Peugeot, the Midlands car manufacturer, has already told Government officials that unemployed 18 to 24-year-olds will be unsuitable for a high-tech production line.

Some union representatives, meanwhile, have doubted the wisdom of drafting in subsidised recruits, privately dismissing them as workshy scroungers.

Six months of employment is one of four options under Welfare to Work. Young people jobless for more than six months could also choose six months of voluntary work with a charity or environmental task force, or up to a year in education with an allowance.

Mike Judge, personnel director of Peugeot in Coventry, told a conference promoting Welfare to Work that the company wanted to help but would not be recruiting for the foreseeable future.

Moreover, he said, there could be problems for unemployed people adjusting to work. When Peugeot took on a number of unemployed people in the late 1980s it faced an increase in absenteeism.

“It is very difficult to inject somebody into the production line and we are only recruiting well-qualified young people,” said Mr Judge, although the firm would be asking suppliers, dealers and contractors such as caterers and cleaners to help to provide placements.

There has also been union scepticism. A spokesman for the MSF (Manufacturing, Science, Finance) union said: “I can see that in terms of a production process people who lack manufacturing skills could be a hindrance and slow down a company’s production line.

“Overall we’re in favour of Welfare to Work, but we feel that good quality apprenticeship schemes would be undermined by it if some unscrupulous employers take on subsidised young people rather than the best candidate for the job.”

A spokesman for the shop workers’ union, USDAW, was equally forthright. “We wouldn’t stand for any suggestion that they are undercutting pay rates, ” he said. “Once you pay subsidies you create anomalies in the recruitment of the workforce.” He added that “some people make themselves deliberately unemployable by putting a bolt through their nose and dying their hair pink”.

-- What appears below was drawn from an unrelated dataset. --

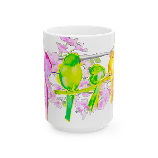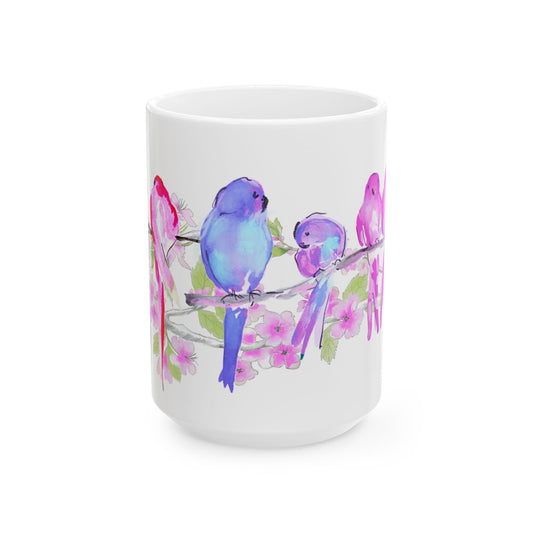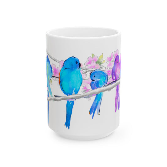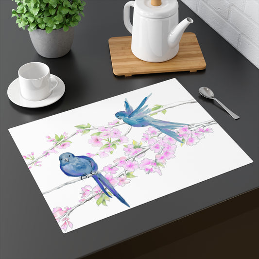 Blossoms & Birds In Aqua Blue Placemat, 1pc (18" × 14"). Cotton. Creamy White Background, #7 Left Side of the Table
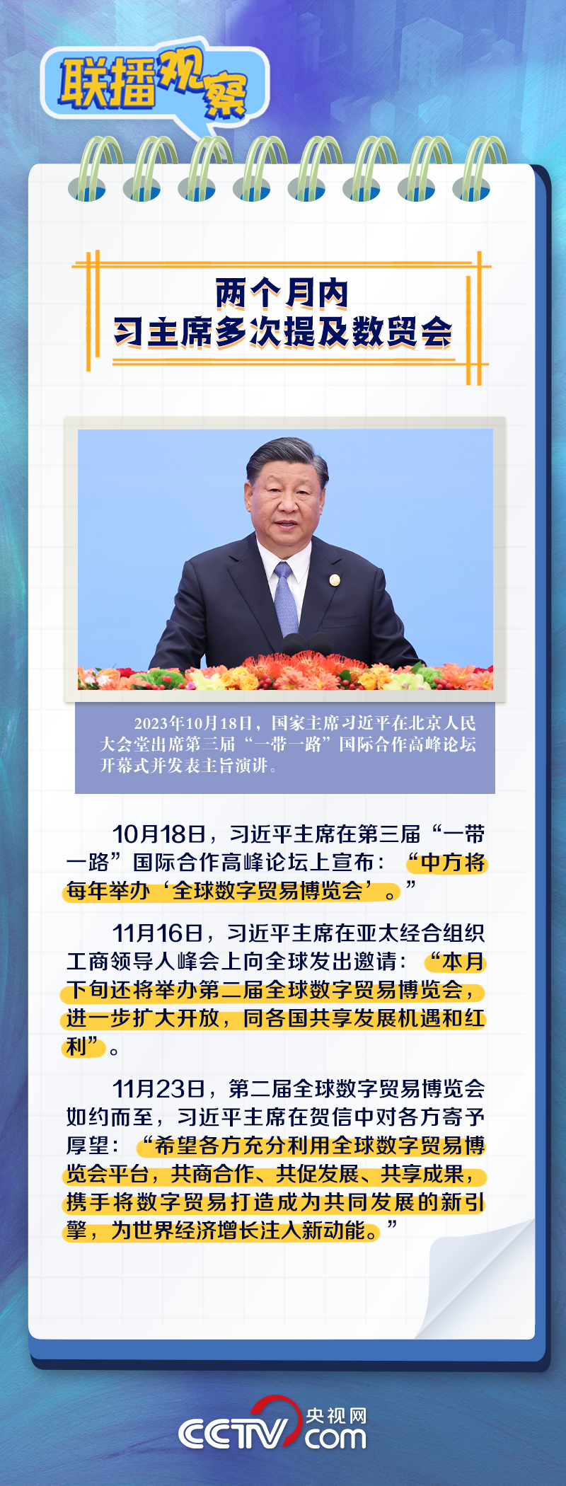 “当前,全球数字贸易蓬勃发展,成为国际贸易的新亮点。”11月23日,习近平主席向第二届全球数字贸易博览会致贺信,回顾了近年来中国为全球数字贸易蓬勃发展付出的努力,并对与会各方寄予厚望。

A local officer of the AEEU engineering union, who didn’t wish to be named, said: “A minority of these people don’t want to work at all, and are quite all right on benefit and fiddle, thank you. These people will cause problems because no one likes a scrounger.”

Kay Cheesman, head of guidance and training at Gloucestershire Training and Enterprise Council, said: “One of the biggest challenges is going to be making sure youngsters are ready for the scheme. With some young people a lot of work needs to be done on their personal and social skills.”